There are additional benefits. For example, when all the files
in the file system have been backed up, the snapshot actually becomes
a liability. Not only does it waste space, but until it's deleted,
any write activity in the snapped filesystem will cause the snapshot
to grow. When the child process finishes and deletes the snapshot,
the used space is returned and becomes available for other filesystem
snapshots to grow into. By starting multiple child processes and
simultaneously backing up multiple filesystems, the lifespan of
each snapshot is shorter, the eventual size (when the backup is
complete) is smaller, and thus the total space requirement is reduced.
Benefits for Hot Backups
I occasionally hear complaints about hot backups. Most often,
there is the issue of maintaining the archive logs, particularly
keeping them together as part of a "backup set". There is also concern
about what the Oracle Backup & Recovery Handbook (by
Rama Velpuri, 1997, Oracle Press) describes as the "split block
phenomenon". Split blocks are (logical) blocks where the front half
doesn't match the back half. This can occur when a block is written
while it was being read by the backup task.
To ensure that the complete block is in place following a restore,
logs must be re-played during the "recover" operation. This can
be a complicated process if your backup has taken hours to run,
and you can wind up with a significant amount of additional data
to maintain. Herein lies an additional benefit to using UFS snapshots.
Because the database is only in backup mode during the moments the
snapshots are being taken, you have minimal archive log data to
keep, and because it only takes a moment to make the snapshot, the
only split blocks can be those that were being written during the
time the snapshots were actually being made.
The Oracle Backup & Recovery Handbook indicates that
the snapshots and hot backups tablespaces should be backed up one
by one and that you should not batch them together. We deviate from
that rule because to perform the backup properly via snapshot, all
the files in a filesystem must be in backup mode before taking the
snapshot. The "backup" is then logically being made (from the database's
point of view) when the snapshot occurs, not while it is being copied
to tape. This is important to remember, because the backup is not
truly complete until all the data has been copied to tape, and there
are pluses and minuses to this effect. If your snapshot fails (filling
the backing store file system, system crash, snapshots don't persist
across a reboot, etc.), you must start over. But if the backup server
fails during the backup, you can pick up where you left off, manually
(or scripting) backing up the remaining files when you get into
the office -- provided that you built your snapshot file system
with sufficient free space.
Profiling and Space Needs
The considerations for using this technique (and these two scripts)
include how you "profile" your Oracle environment, the space needed
to hold the snapshots, and taking the snapshots. Our site uses the
"oracle" userid and a "newdb" prep script to set up the environment.

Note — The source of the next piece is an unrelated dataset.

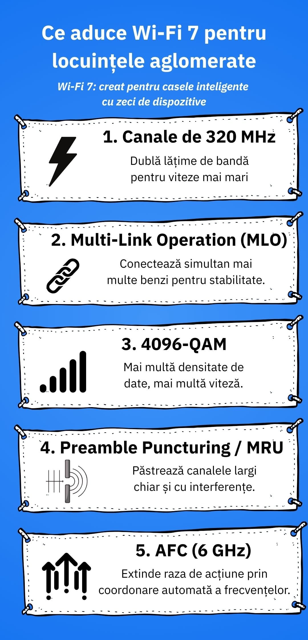 Da. Wi-Fi 7 schimbă modul în care rețeaua gestionează zeci de dispozitive simultan. Datorită MLO, canalelor de 320 MHz și modulației 4K-QAM, oferă viteze mai mari, latență mai mică și streaming mai fluent chiar și într-o casă plină de gadgeturi conectate. În locuințele dense, diferența se simte mai ales în stabilitate și timpi de răspuns.
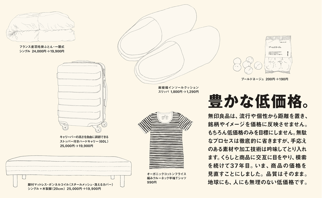 適正な品質と価格でより多くのユーザーに商品を提供することを目指して、1月から価格の見直しを続けていた無印良品。

For the purposes of these scripts, I've included the following example
of what is needed, namely the PATH information and database SID.
If you have another id, or you profile things differently, you will
need to either add this to your environment in the oracle userid
profile, or as a script sourcing it in, or make some slight changes
to the "parent" script. The backup.parent script (Listing 1) contains
a ${prep_script} variable (located right below the Oracle
userid variable), which is used to call the setup routine. If your
situation doesn't need this, blank it out. An example of what is
needed in the setup routine is:
export ORACLE_SID=$1
export ORACLE_HOME=/opt/oracle8/product/8.1.7
export PATH=${PATH}:${ORACLE_HOME}/bin
The space required to hold the snapshots is based on the rate of change
that occurs in the filesystems being snapped (including non-database
files). In my experience, allocating a separate filesystem of approximately
5 to 10 percent of the size of the combined files should be sufficient
to start. The only way to determine what is right for your site is
to try it. Fortunately, you don't actually need to perform a backup
-- you can manually make a snapshot, estimate the time it would take
to back it up, then wait and query the snapshot for its "backing store"
size.
If you have a "logical volume manager" and the necessary free
space, I recommend using that to build a permanent backing store
filesystem and keep nothing there but snapshots. The scripts use
a /fssnap file system; be sure that you change that to suit your
installation. Because they are transient objects -- only good for
the life of the backup -- the backing store filesystem itself can
be transient if it contains only snapshots. You can create and delete
it at will, and it probably does not need to be RAID protected.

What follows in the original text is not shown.